Saurabh Jha completed his bachelor of engineering in Industrial Production from Visvesvaraya Technological University in 2007. Although his graduation had less to do with computer science, he got interested in data-related skills when one of his cousins had introduced him to data warehousing and data mining in his eleventh grade. “My cousin got a job in Bangalore in SPSS. I had no clue what this field was, but I consider this to be the turning point,” says Saurabh.
However, as his engineering major was not related to computer science, he was a bit concerned about his career. Therefore, Saurabh decided to learn computer science skills during his first-semester break and developed new BI skills in every semester break. Saurabh’s cousin guided him to learn RDBMS and data analysis. This further intrigued him to learn more and pursue his career in the data-related field as he found it to be very close to math and physics.
And when Saurabh returned to the college, he started presenting papers of business intelligence. Throughout his college, he kept learning various data warehousing, design, and architecture of scalable data platforms. Eventually, in his final year, he participated in Microsoft Academic Project Program (MSDN), where he presented ideas around HR analytics. On getting selected, he worked on a real-world project — attrition analysis for SME industries.
Transition From BI To Data Science
Saurabh’s proficiency in data analysis got him a job at TCS as a business intelligence specialist. “I got a chance to work on a TCS patented solution on healthcare analytics as my first project, reporting to North India head of TCS BI practice directly.
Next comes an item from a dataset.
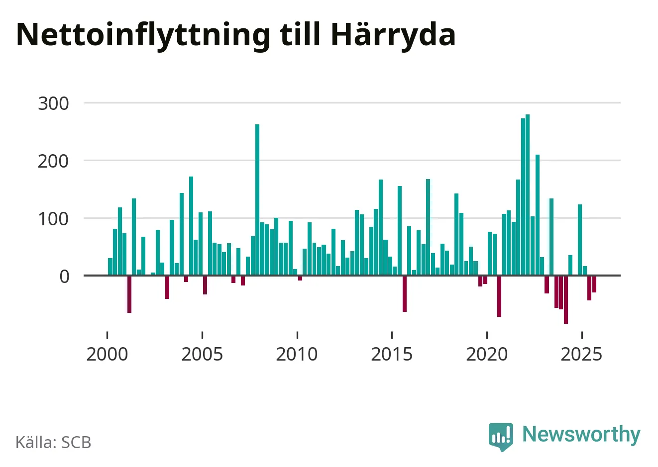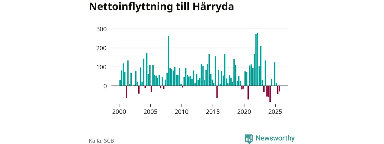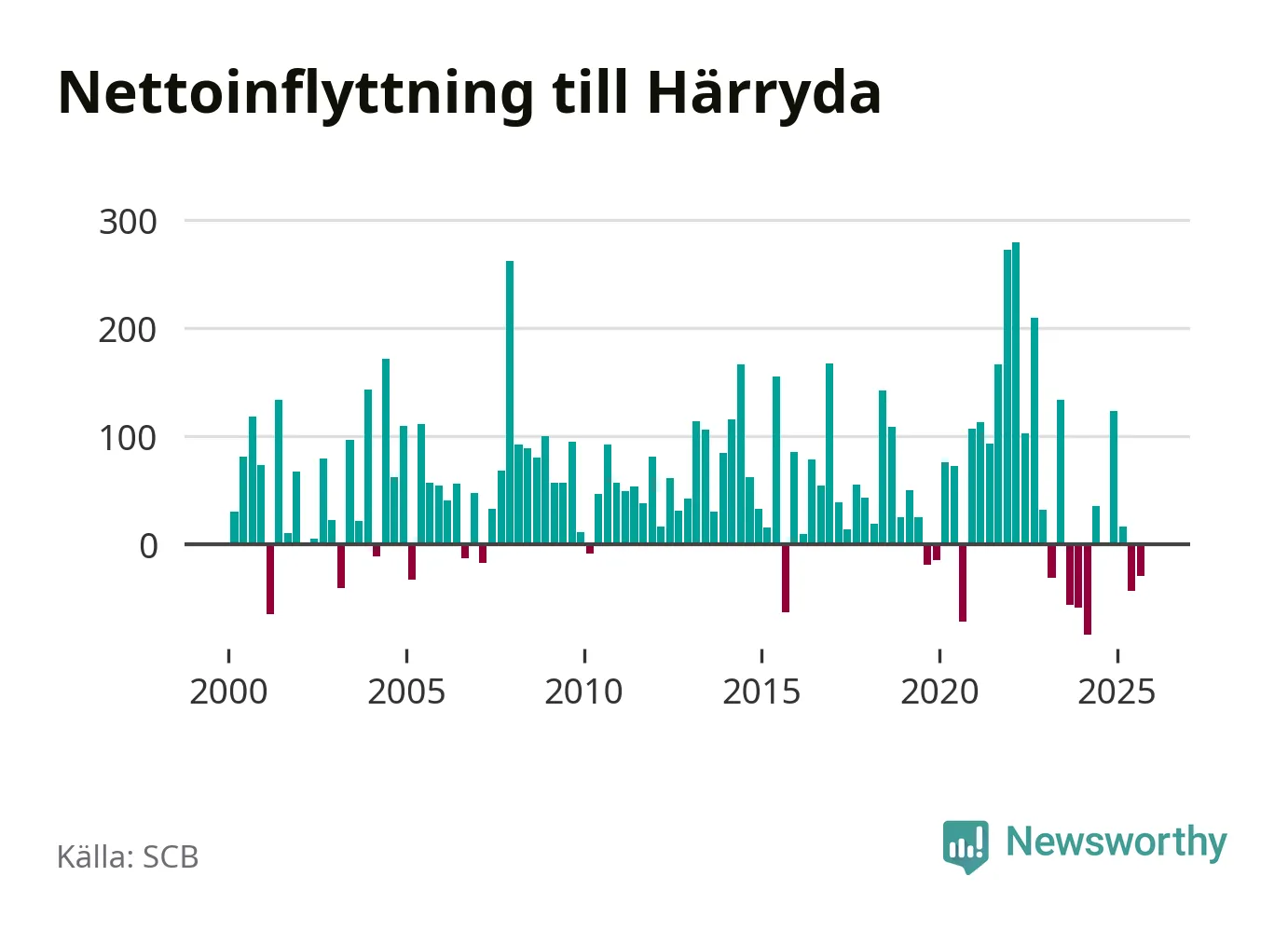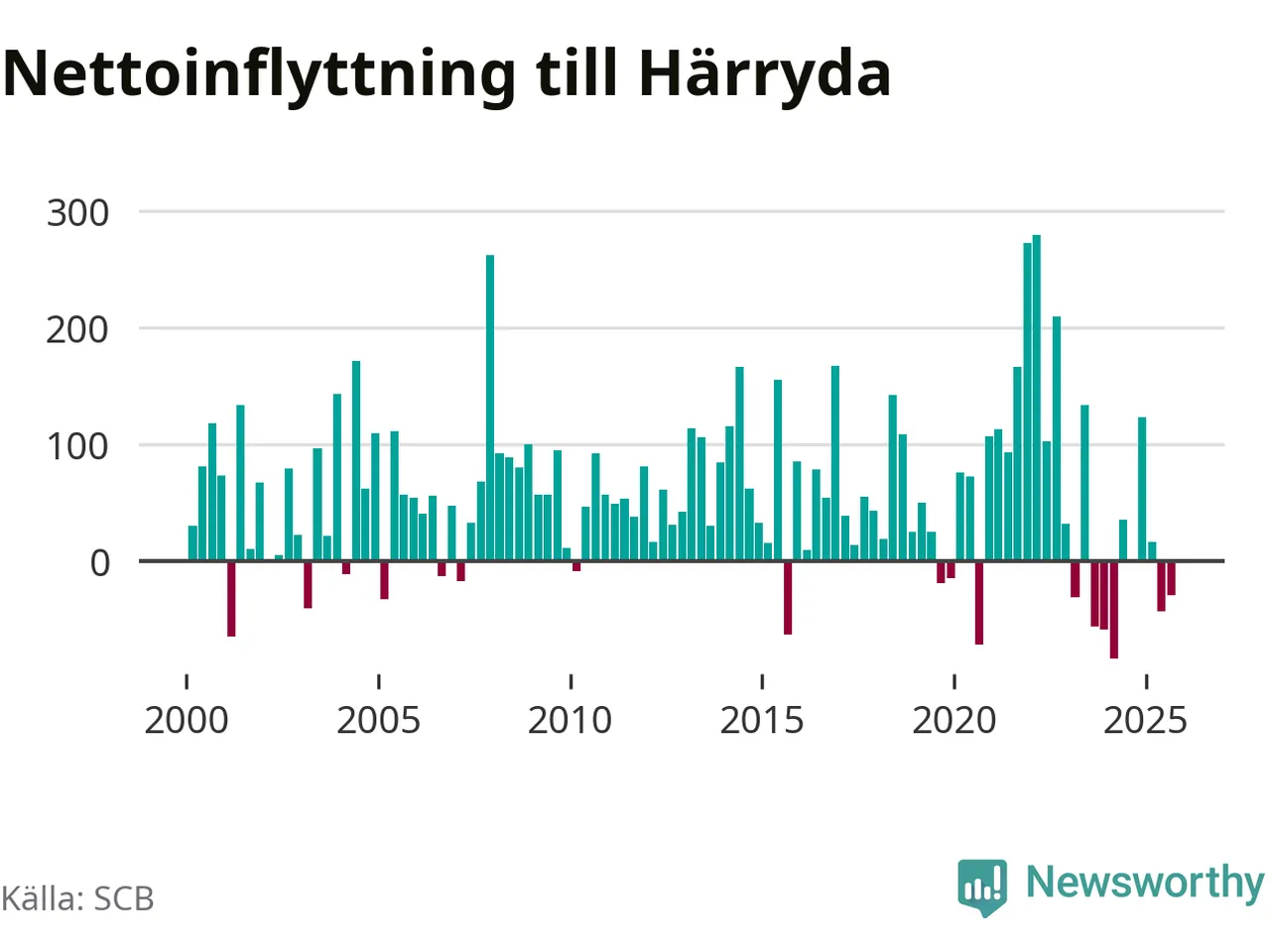 Under tredje kvartalet 2025 flyttade 615 personer till kommunen medan 644 personer flyttade därifrån. Det är historiskt sett en stor utflyttning under ett kvartal. Sedan seklets början har Härryda oftast haft ett positivt flyttnetto.

The first job helped me to explore further in the space of information modelling and data visualisation. I tried to learn everything possible right from business intelligence to data engineering. I used to lock myself in the TCS training room and learn various tools and techniques,” explains Saurabh.
For the next six years, Saurabh focused on several data engineering and data science practices. He was involved in designing large scale enterprise data warehouses. And since 2014, he has been into the analytics space and is currently working on developing intelligent systems using ML and DL.
Saurabh always had a curiosity as to how data is being used by the organisation as he used to put a lot of effort into consolidating and aggregating data in the data warehouse. This drove him to get into data science and explore the journey of finding insights into data.
In parallel, Saurabh was also working on a couple of social problems such as inequality in economics in countries and its impacts on society and digital transparency in legal systems. He was dejected to know that the poor were getting poorer and the rich were getting richer when he was reading a book — Capital in the Twenty-First Century by Thomas Piketty. The author used a lot of mathematical models to sketch out the reality of inequality in the world. Saurabh figured out that data science techniques were the only way to solve problems at scale and create a social impact. All these things had a huge impact on his decision to move into the data science domain.
In addition, Saurabh was working on building a recommendation engine that could connect the right aspirant with the right company. Usually, there is a mismatch between the skills of a fresher and what he/she does professionally. For one, a good Java developer ended up doing testing and vice versa. Though the idea never got completely materialised, such visions to solve strenuous challenges laid the foundation for Saurabh to start his journey in data science.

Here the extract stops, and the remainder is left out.